Title: Hopkins doctors remove donor kidney through patient's vagina
Post by: okarol on February 03, 2009, 08:46:54 AM

Hopkins doctors remove donor kidney through patient's vagina

By Sara Michael
Examiner Staff Writer 2/3/09

Johns Hopkins doctors have performed what they believe is the first-ever surgery to remove a healthy donor kidney through a small incision in the back of the patient's vagina.

The patient had less pain and a shorter recovery time -- benefits that could encourage more kidney donations, doctors said.

"We are all about trying to reduce the disincentives to donation," said Dr. Robert Montgomery, chief of the transplant division at Johns Hopkins University School of Medicine, who lead the surgical team.

The surgery, performed Thursday, eliminated the need for a five- to six-inch incision in the abdomen of the patient, a 48-year-old woman from Lexington Park, Md., who donated her kidney to her niece.

Instead, the patient has only a few small scars on her abdomen.

Doctors made a smile-shaped incision in the back of her vagina and inserted an inflatable bag through a tube to hold the incision open. The kidney was then pulled out intact, Montgomery said.

"As far as we know, no one has ever applied this type of procedure to a donor kidney," he said.
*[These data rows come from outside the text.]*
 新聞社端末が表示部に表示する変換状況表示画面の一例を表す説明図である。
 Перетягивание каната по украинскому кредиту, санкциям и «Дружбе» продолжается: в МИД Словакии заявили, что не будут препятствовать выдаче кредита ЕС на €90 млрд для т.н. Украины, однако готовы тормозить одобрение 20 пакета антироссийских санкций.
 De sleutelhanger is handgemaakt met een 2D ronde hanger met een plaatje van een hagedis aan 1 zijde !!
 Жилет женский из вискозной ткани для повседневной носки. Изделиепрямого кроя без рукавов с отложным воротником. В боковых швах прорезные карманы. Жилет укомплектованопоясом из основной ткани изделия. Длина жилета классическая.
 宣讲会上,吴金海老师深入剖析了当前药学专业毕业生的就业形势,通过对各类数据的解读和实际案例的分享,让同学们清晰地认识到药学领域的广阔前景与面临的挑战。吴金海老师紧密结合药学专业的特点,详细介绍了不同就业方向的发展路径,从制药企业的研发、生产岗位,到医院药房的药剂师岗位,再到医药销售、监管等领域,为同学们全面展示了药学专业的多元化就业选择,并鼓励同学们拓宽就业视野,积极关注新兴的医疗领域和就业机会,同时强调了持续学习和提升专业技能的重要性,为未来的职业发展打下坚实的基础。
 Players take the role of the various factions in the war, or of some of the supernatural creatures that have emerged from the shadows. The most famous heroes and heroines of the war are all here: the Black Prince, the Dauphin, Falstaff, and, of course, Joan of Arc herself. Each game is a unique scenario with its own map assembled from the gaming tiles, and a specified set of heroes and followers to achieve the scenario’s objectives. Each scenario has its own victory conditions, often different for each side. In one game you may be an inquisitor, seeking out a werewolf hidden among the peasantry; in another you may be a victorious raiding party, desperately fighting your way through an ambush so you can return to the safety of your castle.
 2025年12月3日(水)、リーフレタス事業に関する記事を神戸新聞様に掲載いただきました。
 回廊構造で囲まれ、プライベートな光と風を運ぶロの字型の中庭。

Cancerous or nonfunctioning kidneys that were a hazard to the patient's health have been removed this way, but doctors don't have to worry about keeping the organ intact and free from trauma.

With a less painful procedure, patients may be more willing to donate a kidney, Montgomery said.

About 100,000 people are awaiting kidney transplants, according to the National Kidney Foundation.

"It's another step toward really reducing the impact of the operation on the donor," Montgomery said.

The kidney extraction is part of a growing trend of procedures that uses a natural body opening, such as mouth, vagina or anus, to remove organs or tissues.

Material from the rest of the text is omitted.